Start by preheating your oven to 180°C (350°F) and lining a baking sheet with parchment paper to prevent sticking.
In a large mixing bowl, combine the peanut butter and brown sugar. Use a spatula or mixer to beat them together until the mixture is smooth, slightly fluffy, and fragrant—about 2 minutes.
Add the large egg and vanilla extract to the bowl, then beat or stir until fully incorporated. The batter will become glossy and smooth.
In a separate bowl, whisk together the flour and baking soda to evenly distribute the leavening agent.
Gradually add the dry ingredients into the wet mixture, mixing gently until just combined. The dough will be thick and slightly sticky.
Gently fold in the chocolate chips until evenly distributed throughout the dough, making sure not to overmix.
Use a cookie scoop or two spoons to portion out dough onto the prepared baking sheet, spacing each about 2 inches apart for spreading.
Press each dough ball lightly with the back of a spoon or your fingers to flatten just a bit, encouraging even spreading.
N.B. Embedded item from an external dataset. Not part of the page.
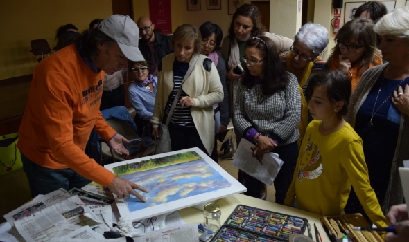 El mal tiempo ha truncado los planes de salir a pintar al aire libre y la sesión de tarde también ha sido bajo cubierto. Pero lo importante era escuchar y tomar nota de los consejos de Moya que, recalcaba, que más allá del arte innato, el cincuenta por ciento es oficio, hay que aprenderlo, como dijeron Renoir o Van Gogh, indicaba.

Bake in the preheated oven for 10-12 minutes, watching for the edges to turn a golden brown while the centers remain soft and gooey.
Once baked, remove the cookies from the oven and let them sit on the sheet for about 5 minutes to firm up slightly.
Transfer the cookies to a wire rack to cool completely for about 10 minutes, allowing the centers to set and develop their full flavor.
Enjoy these cookies warm or at room temperature, reveling in their crispy edges, gooey centers, and nostalgic peanut-chocolate flavor combo.